A paragraph isn't an essay. Even though essay writing isn't a crucial skill for programmers, clear and effective English writing often is, especially when you need to explain technical issues to non-technical people. Besides, good writing ability is often a pretty good indicator of general, well-rounded intelligence.


man, i'm not arguing about the importance of the essay writing skills (this is my weak one, and i know how important it is). My point is about when in the process you make candidates hopping through the hoops and the height and the number of the hoops. I don't have enough time to jump through all the hoops of all the employers that early in the process. It is like in marketing process - awareness, consideration, preference, action, loyalty - insisting and expecting action (buy) immediately at or instead of awareness.

Anyway, the process of filling a job vacancy is about mutual fit. Somebody, who'd like the process would obviously be a better fit to that company culture than me, so the filter does work.

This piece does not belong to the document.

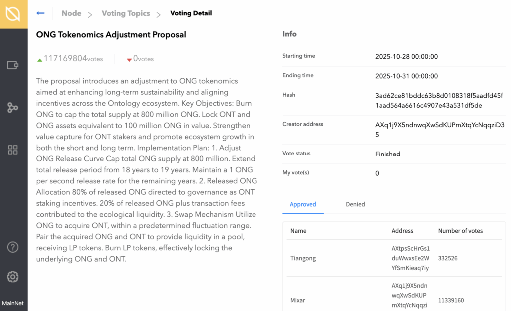 After three days of voting, from October 28 to October 31, 2025 (UTC), Ontology Triones Nodes reached a unanimous decision in favor of the proposal. The proposal secured over 117 million votes in approval, signaling strong consensus within the network to move forward with the next phase of ONG’s evolution.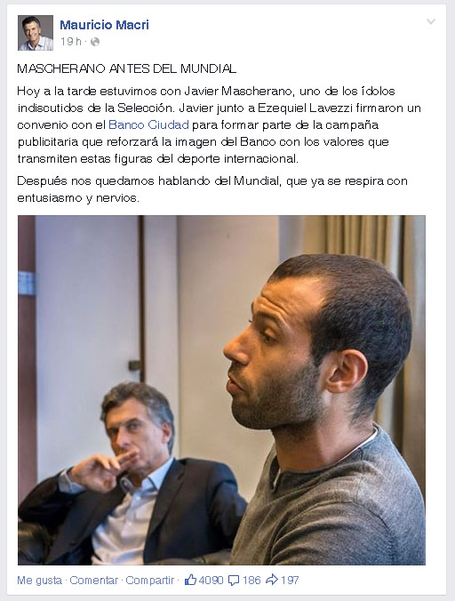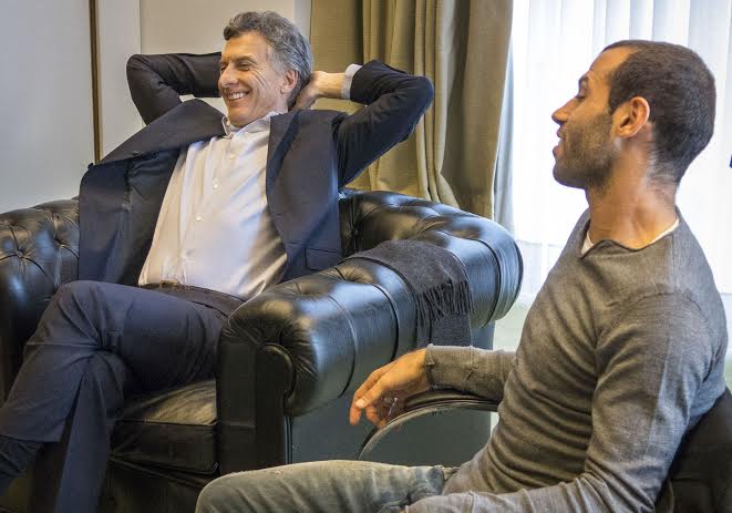 Macri destacó que ambos futbolistas “son embajadores de la Argentina en el mundo porque demuestran lo importante que es para un grupo humano trabajar en equipo y con actitud positiva y simbolizan con su esfuerzo lo que nosotros queremos dentro de este banco, dentro del Gobierno y en la relación con la gente”.

Yeah, it sounds like they don't care about that, which is lame. And honestly, asking for a paragraph after you've talked with somebody seems weird.

In my case, it's basically a Turing test. I ask for it along with the resume link. It's just to weed out the obvious dolts. (Who, as somebody else mentioned, are unfortunately 90% of the applicants.) The questions I use are here: http://needfeed.com/about/jobs

I'm pretty sure that anybody would want to hire could toss off an answer to one of those in 5 minutes. Which, given that I'm going to spend 10 or 15 minutes reading their resume, their blog, and (hopefully) their open-source code, seems like a fair trade.